Even further along is a Senate effort meant to begin targeting illicit transactions in crypto, which exists now as an amendment on the Senate’s defense spending package. That’s now at the stage in which the Senate and House work out the differences in their bills, and if the crypto provision passes, it would set up U.S. examination standards and study how to combat anonymous transactions.
The defense budget “is likely to pass this year or early next year,” Gillibrand said, and the senator predicted the crypto-focused amendment is “likely to stay in.”
As for the wider, more ambitious market-structure legislation for crypto, which would empower the U.S. Commodity Futures Trading Commission (CFTC) as a watchdog of crypto commodities trading, Gillibrand said that “hopefully next year” it can find some traction. She said the current posture of the U.S. Securities and Exchange Commission (SEC) to steer the industry with punishments is untenable.

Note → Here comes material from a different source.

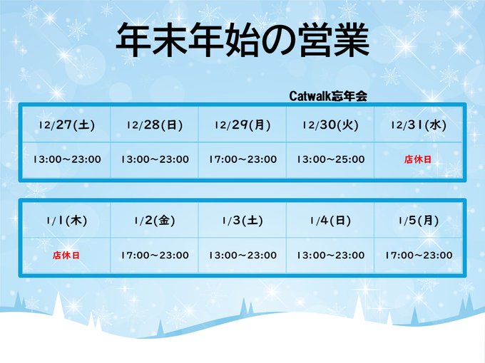心斎橋・ 宗右衛門 キャットウォーク CatwalkCat walk【キャットウォーク】@Cat_walk91·Catwalk 年末年始の営業時間48206
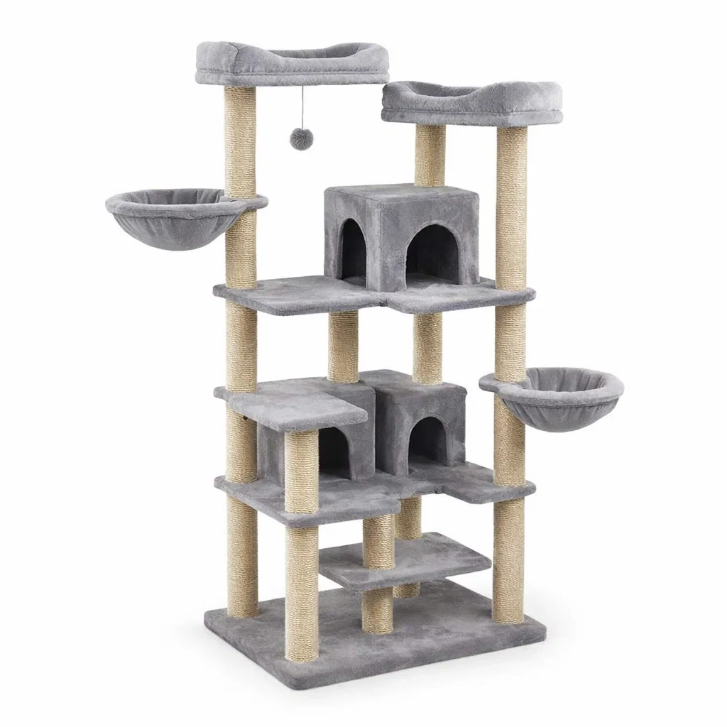 Arbre à chat en bois et sisal avec plateformes et hamac gris

“Congress needs to act,” she said. “We cannot have the SEC regulating by enforcement. It doesn’t work. The courts have said so. So, it’s important for Congress to do its job.”
Lummis said that traditional financial firms are showing up, especially in the space around prospective spot bitcoin exchange-traded funds (ETFs) and other crypto ETFs.
“As mainstream finance moves into this space, I think people in Congress are going to see we can’t have our head in the sand anymore,” Lummis said at the same event on Tuesday, suggesting that some lawmakers will be more comfortable with the representatives of traditional financial firms. “When they come into the room where the party’s happening,” she said of the TradFi people, “they bring a lot of people with them.”
Both senators encouraged crypto firms to keep making their case in Washington, noting that most lawmakers still aren’t well educated on the industry.